The 12 Beatles songs on the Hot 100 during that April week 50 years ago were released in the United States on four different labels. “Please Please Me,” “From Me to You” and “Do You Want to Know a Secret” were on Vee-Jay, which licensed them from EMI after EMI’s American subsidiary, Capitol, refused to release them. “Twist and Shout” was on Tollie, a Vee-Jay subsidiary. (Vee-Jay is said to have gone under in 1964 partly because it couldn’t keep up with the demand for Beatles records.) “She Loves You” was on Swan, a Philadelphia label in which Dick Clark was a silent partner. (He had been, but not in ’63; see below.) “All My Loving” and “Roll Over Beethoven” were on Capitol of Canada, the Canadian EMI subsidiary, which had not shared the Beatle resistance of its American counterpart. Only “I Want to Hold Your Hand” and “Can’t Buy Me Love” were official Capitol releases, which came after the company saw the light.

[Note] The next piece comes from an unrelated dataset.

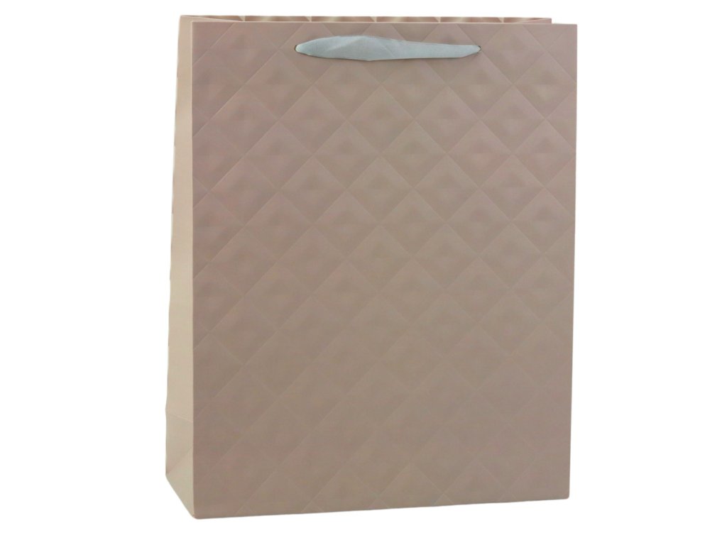 Dárková taška s reliéfem béžová 32 x 26 x 10 cm je elegantní volbou pro každou příležitost – narozeniny, svátky, výročí či jiné oslavy.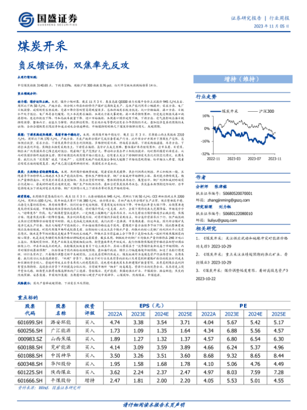 【国盛证券】【20231105】20231105-国盛证券-煤炭开采行业周报:负反馈证伪,双焦率先反攻-17页 行业研究

More along this line follows in our next installment of this, next week.

4 thoughts on “The Beatles, Everywhere

  1. Steve E.

    It’s been pointed out in other places that as impressive as this chart dominance was, it was possible only because Capitol kept punting on the group in 1963 and the labels that did pick up those songs got little traction from them. So by early 1964, when the sudden demand for Beatles songs exploded, all of those earlier recordings were instantly available, and thus, the incredible clogging of the charts. So the frustration the Beatles and their people felt over the lack of interest in the U.S. for most of 1963 ended up benefiting them hugely by early ’64.

  2. Yah Shure

    “Vee-Jay is said to have gone under in 1964 partly because it couldn’t keep up with the demand for Beatles records.”

    I don’t think so. Vee-Jay closed its doors in 1966, but it was the accounting practices and gambling habits of company president Ewart Abner that put the label in a precarious financial position during 1963. Fearing the consequences of still being under contract in the event of a possible label collapse, the Four Seasons sued and fled, EMI canceled Vee-Jay’s Frank Ifield and Beatles licensing agreements and the planned release of ‘Introducing The Beatles’ was put on hold, all before the end of the year. After Capitol opened the floodgates with “Hand,” Vee-Jay dusted off its Beatles catalog to generate some desperately-needed cash. Once Beatlemania firmly took hold, even Capitol couldn’t keep up with the demand at its own pressing plants (my “Hand” and “Yesterday” Capitol 45s are both Decca pressings.) Capitol’s solution: a third plant in Jacksonville, Illinois.

    Dick Clark’s ownership interests in Swan Records and Mallard Records (the Philly plant that pressed for Swan, Cameo-Parkway and other labels) had been divested by the end of 1960, as per ABC-TV’s insistence in the wake of the payola scandals.

    Those were great times to be a top-40 listener. I was aware of the Beatles buzz at school, but hadn’t made the connection yet. So I asked my older sisters about them:

    “Who are these Beatles I’m hearing about?”
    “You know the song, ‘I Want To Hold Your Hand’?”
    “Yeah, I like that one.”
    “It’s by The Beatles”

    The light that came on that day has never dimmed.